It may be hard to understand what comes next after a diagnosis of chronic lymphocytic leukemia. You will have to work with your healthcare team to come up with a treatment plan.

People with CLL interact with a variety of healthcare professionals. Depending on the type of therapy you receive, you may also work with a radiation oncologist or surgical oncologist.

It is important to have honest discussions with your healthcare team about your treatment plan. This can help you stay involved in the decisions that are made about your treatment.

Here are six questions to help you discuss your options with your doctor.

The type of treatment used for CLL will depend on a number of factors, including the disease stage and the symptoms you are experiencing.

People with CLL who need treatment will usually start taking medication. CLL can be treated with a variety of targeted agents and drugs. The treatments may be used together.

The treatment regimen most commonly used to treat CLL are:

  • Acalabrutinib with or without obinutuzumab.
  • Ibruvica is a drug.
  • venetoclax plus obinutuzumab.

rituximab and other drugs may be used in CLL treatment combinations.

For people who have not yet received any treatment for their CLL, targeted treatment is preferred over Chemo. This type of therapy works by targeting the cells that cause the disease. This helps reduce the effects.

Depending on the potential consequences that may occur, other types of treatment may also be used. If the only part of the body affected is the scupl or lymph nodes, radiation therapy or surgery may be used.

If the blood becomes too thick, a procedure called leukapheresis can be used to remove cells.

A person with CLL may be referred for a stem cell transplant if they are very likely to progress. Stem cell transplant and leukapheresis will be used together.

The treatment you and your doctor decide on is dependent on a number of factors. Your doctor may want to discuss personal factors that will affect your treatment experiences, including:

  • Cancer features: The type of treatment you receive may depend on how far your cancer has progressed, as well as whether certain types of genetic mutations can be detected in cancer cells.
  • Your underlying health: Age and other underlying conditions, such as kidney disease, can affect how you respond to treatment and influence the likelihood of treatment success.
  • Your personal treatment goals: CLL most commonly affects older adults, and the median age at diagnosis is 70 years. This may influence people’s priorities for treatment. Some people may wish to extend their life as long as possible, while others may prioritize comfort over longevity.

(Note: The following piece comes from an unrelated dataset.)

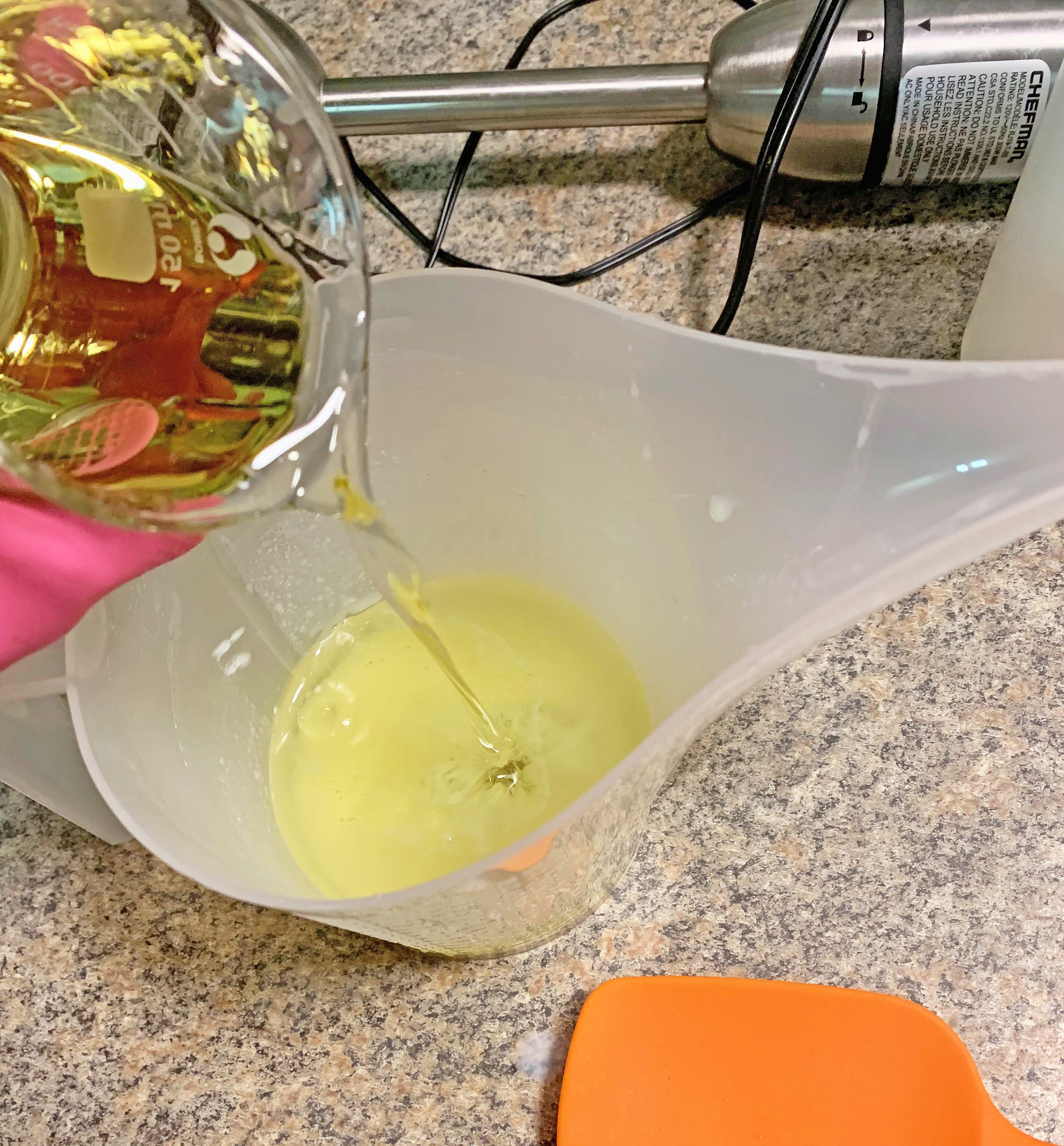 Measure oils into microwave-safe container or double boiler and heat just until melted. You don’t want to get your oils too hot. Mix lye into the water and stir until all the lye has dissolved. Make sure you do this in a well-ventilated area – I usually carry mine out to the porch for this. After both mixtures are ready, take a temperature reading. It’s best if both are within about 10 degrees.

It is important to consider how treatment is administered and what support you need when discussing treatment options.

While you can take acalabrutinib and ibrutinib at home, healthcare professionals need to administer them at a clinic. It may be helpful to have a support person who can provide transportation.

Depending on your symptoms and blood counts, your doctor may recommend a watch-and-Wait approach.

This approach is called active monitoring. Your doctor will not start treatment until you have a change in symptoms. They will perform regular medical exams and blood work to make sure the disease is stable and to catch any signs of progression.

The watch-and-wait approach is used for people who have minimal changes in their blood values and no other symptoms of disease.

This approach avoids the negative impacts of other forms of early CLL treatment and is good for people with low risk for progression.

People undergoing CLL treatment are at risk of infections.

“White blood cells are responsible for many typical immune responses in CLL. People with CLL are at increased risk for infections because they can’t produce the antibodies that are needed to fight infections.”

Before starting treatment, your doctor may recommend you get vaccinations for flu, shingles, and COVID-19.

CLL can affect the bone marrow and lead to problems with bleeding and clotting, so low blood cell counts are common. There is often supportive care available to manage these problems.

It is important to discuss side effects with your doctor when you are considering treatment options. You might expect some other side effects with CLL treatments.

  • Dehydration, nausea, vomiting, or loss of appetite are some of the issues that can occur in the bicyle.
  • fatigue
  • There is a throbbing head.
  • There are disorders of the heart rhythm.
  • If you are treated with the medication venetoclax, you may have a tumor lysis syndrome.
  • If you are treated with the drug.

In general, a cure for CLL is very rare. One study published in 2016 reported that people who received the CLL treatment regimen of fludarabine, cyclophosphamide, and rituximab maintained long periods of disease remission lasting up to 12.8 years after treatment.

While these results are encouraging, this treatment regimen is not for everyone. The treatment combination is tough, and people who are 65 or older or have poor kidney function may have difficulty tolerating the regimen.

That’s not to say that outlooks aren’t promising with other treatment options. From 2012 to 2018, nearly 88% of people with CLL lived 5 years or longer after receiving their diagnosis, and treatment options for CLL are improving over time.

Relapse after initial treatment is common in CLL, with most people experiencing a recurrence of their disease within 5 years of starting treatment.

In many cases, your doctor may suggest a different regimen made up of the medications. Depending on how quickly your disease returns, they may suggest a more aggressive form of treatment.

“Clinical trials of treatments that have shown promise for CLL but are not yet approved for everyday use may be in your doctor’s possession.”

There are many treatment options for CLL.

It is important to come prepared with questions to make sure you get all the information you need to make an informed decision when discussing options with your healthcare team.